Oil is feeling a bit toppish here, having rallied 36% during the month of November, but how ceding about 4% during the past few sessions. OPEC+ talks remain mired in disagreement with the previous production cuts potentially to be abandoned. However, taking a longer-term view, analysts are pointing to the changes in the US fracking community (i.e. bankruptcies there) and forecasting a significant decline in US oil production in 2021, which, if that occurs, is likely to provide significant price support.
And finally, the dollar, which fell sharply against virtually every currency yesterday, led by BRL (+2.7%) in the emerging markets and EUR (+1.2%) in the G10, has found its footing today.
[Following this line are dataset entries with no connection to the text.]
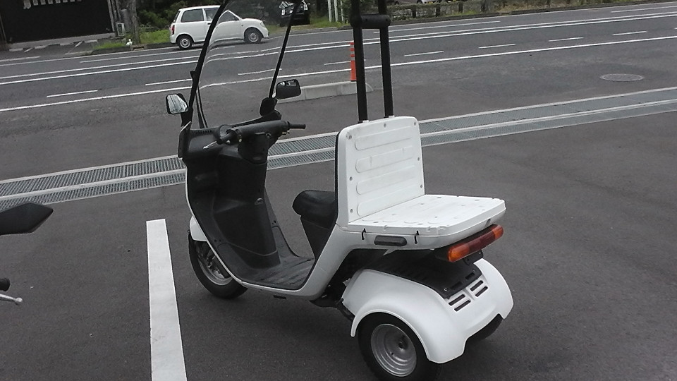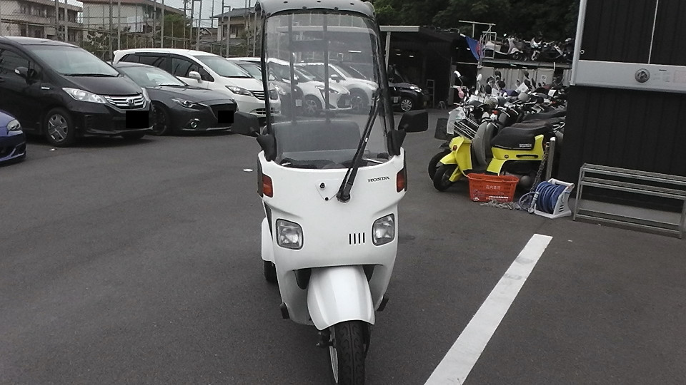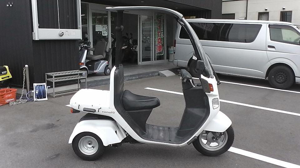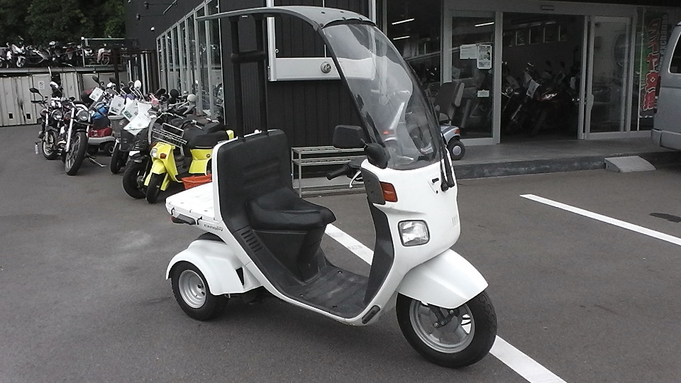 商品ID:1624860335:四輪で安定感のある走りが可能。電動ワイパー付き大型ウインドスクリーンやルーフを装備し、雨天の走行のしやすさも特徴です。デリバリー業界御用達とも呼ばれています。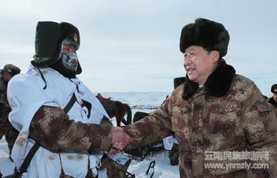 2014年1月26日,習近平來到祖國邊疆的內(nèi)蒙古阿爾山,冒著零下30多度的嚴寒慰問在邊防線上巡邏執(zhí)勤的官兵。來源:新華社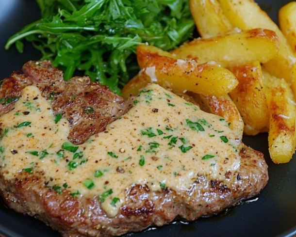 4. Finalisation : Remettez les steaks dans la poêle et nappez-les généreusement de sauce. Laissez mijoter 2 à 3 minutes pour que les saveurs se mélangent et que la sauce épaississe légèrement.

Looking at the G10 first, NOK (-0.65%) is the laggard alongside the aforementioned pound and SEK (-0.5%). The euro (-0.25%) has maintained the bulk of its gains after having finally pushed through key resistance at 1.2011-20, the levels seen in early September. Remember, short USD is the number one conviction trade for Wall Street for 2021, and EUR positions remain near all-time highs.
An aside in the euro is that markets continue to look to next week’s ECB meeting with expectations rife the PEPP will be expanded and extended. Madame Lagarde promised us things would change, and every speaker since, including the Latvian central bank President, who this morning explained that €500 billion more in the PEPP with a timing extension to mid-2022 would be acceptable, as would an extension in the maturity of TLTRO loans to 5 years. The point is that despite the confidence so many have that the dollar is destined to collapse next year, there is no way other central banks will allow that unimpeded.
Back to markets, on the EMG slate, the situation is similar with more losers than gainers led by ZAR (-1.1%) and PLN (-0.6%). Of course, both these currencies saw stronger gains yesterday, so this seems to be a little catch-up price action. Actually, CLP (+0.65%) has opened stronger this morning, simply adding to yesterday’s gains without an obvious catalyst, while KRW(+0.5%) continues to benefitt from better than expected trade and GDP data.
On the data front, this morning brings ADP Employment (exp 430K) as well as the Beige Book this afternoon. As well, we will hear again from Chairman Powell, who in the Senate yesterday told us all that there needed to be more fiscal stimulus and that the Fed would do all they can to support the economy. Given this has been the message for the past six months, nobody can be surprised. However, one idea that seems to be developing is that the Fed could well announce purchases of longer dated bonds at their December meeting in two weeks’ time, which would certainly have an impact on the bond market, and would be seen as easier money, thus likely impact the dollar as well. When he speaks to the House today, don’t look for anything new.
All told, today is a breather. Clearly momentum is for a weaker dollar right now, but I continue to believe these are excellent levels for receivables hedgers to act.